America Has Always Been Obsessed with State Rankings
Surf the internet, and you’ll find Americans ranking cities and states based on any and all criteria—best state to own a pet, most porn-obsessed state, America’s drunkest city. (That’d be us.) These slideshows feel like a particular byproduct of the insatiable internet age, but in fact, Americans were obsessed with state rankings long before the invention of the web slideshow.
In 1931, H.L. Mencken and his co-editor Charles Angoff ran a three-part series in The American Mercury searching for “The Worst American State.” (Click-bait headlines also predate the internet age, apparently.) Mencken and Angoff began, improbably, by raising philosophical issues with the whole idea of ranking states against one another:
“Just what such words as progress and civilization mean is often disputed, but no one doubts that the things themselves exist,” they wrote. “It is when concrete criteria are set up that dispute begins, for every man tries to measure the level of a given culture by his own yardstick.”
Put otherwise: we’re ranking states based on our region’s particular ways of seeing the world.
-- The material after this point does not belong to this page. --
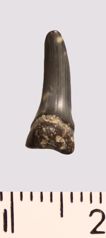 Зуб (фрагмент). Акула. Scapanorhynchus rhaphiodon Agassiz, 1843. Классификация: Хордовые Chordata, Позвоночные Vertebrata, Хрящевые рыбы Chondrichthyes, Пластиножаберные Elasmobranchii

This is especially complicated when you attempt rankings of ill-defined things like “livability.” A Californian might argue that warm weather is the most important measure of such a thing. A New Hampshire guy might argue that tax burdens should figure heavily in the calculation. So you see the problem.
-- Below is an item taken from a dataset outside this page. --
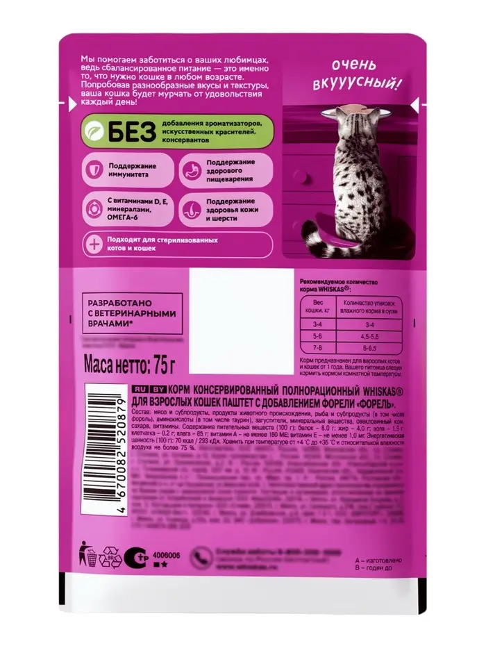 Рекомендации по хранению: Храните невскрытые упаковки при температуре от +1 °C до +30 °C. Откройте упаковку непосредственно перед кормлением, чтобы предложить кошке самое свежее угощение. Whiskas® «Мясной паштет с форелью» — это простой способ проявить заботу о вашем питомце каждый день.

And yet, Mencken and Angoff decided that there are many factors that we can all agree matter: crime rates, death rates, and educational opportunities, for instance. What follows, then, are hundreds of tables ranking states on hundreds of criteria. (Let’s just say it: Mencken would have loved the internet.) Often the editors are guilty of the very flaws they criticize in their intro. They include church attendance rates in their figures as well as lynchings. Regions would have differed in 1940 on how largely either measure should factor in the end result. Nevertheless, the editors worked their way to a conclusion. Mississippi, they said, is without a doubt, the worst American state.
And though it wasn’t their goal, it was a necessary byproduct that they settle on the best American states, too. Here, we take no issue with their conclusions, for they write, “We think it safe to say that they show Connecticut and Massachusetts to be the most fortunate American States.” *
We mention all this because Politico Magazine has come out with, yes, its own ranking this week, modeled in spirit (if not in methodology) on The American Mercury‘s effort. Here, we don’t fare quite so well. Massachusetts ranks fifth. New Hampshire takes the top spot. Mississippi still loses. Politico‘s Margy Slattery (who is, full disclosure, a friend) admits that, like Mencken’s, Politico’s approach “isn’t scientific or comprehensive.”
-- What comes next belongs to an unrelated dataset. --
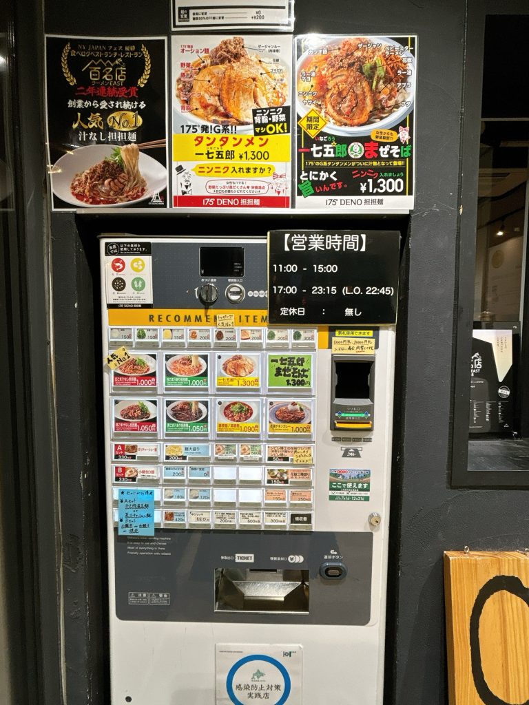 入口に券売機があるので、こちらで食券を購入します。

And therein lies the problem with these meta-lists. It seems that there are two kinds of state rankings. Those that simply lay out research or data without comment. (Think: “The states with the highest rates of pet ownership.” Or “state with the most beer sales per capita.”) And there are those that attempt a value judgement based on summarizing those previous kinds of data. (“Best states to own a pet,” or “America’s drunkest states.”) The latter inherently involve some exercise of judgement from a magazine or website editor—which data to include, how to weight it, etc.—and when you’re doing something so fraught with controversy as to tell each state how it measures up, you open yourself to differences in opinion. Those latter rankings are fun, and if done by someone with good judgement who lays their method out for all to see, they can be useful.
But by now, Americans seem to know not to pay too much attention to the latest state ranking to come across their newsfeed. Mencken and Angoff had to know when they undertook the exercise, too, that they would never find a method that made their list the universally accepted study on the subject. America’s opinions are too diverse. “Here in the United States the criteria of progress are often hotly debated, and there is visible a wide difference over them. The people who live in cities commonly regard the dwellers in smaller places as barbarians, and not infrequently the rural folk think of the city hordes as savages.”
That’s a chasm that no listicle can overcome, which is probably why, in the 83 years since the study, we’ve seen thousands more attempt to rank America’s cities and states. Politico Magazine is just the latest of them.
But hey, we’ll take top 5.
* They added: “These results will probably surprise no one. Most Americans, asked to name the most generally civilized American State, would probably name Massachusetts at once, and nine out of ten would probably nominate Mississippi as the most backward.”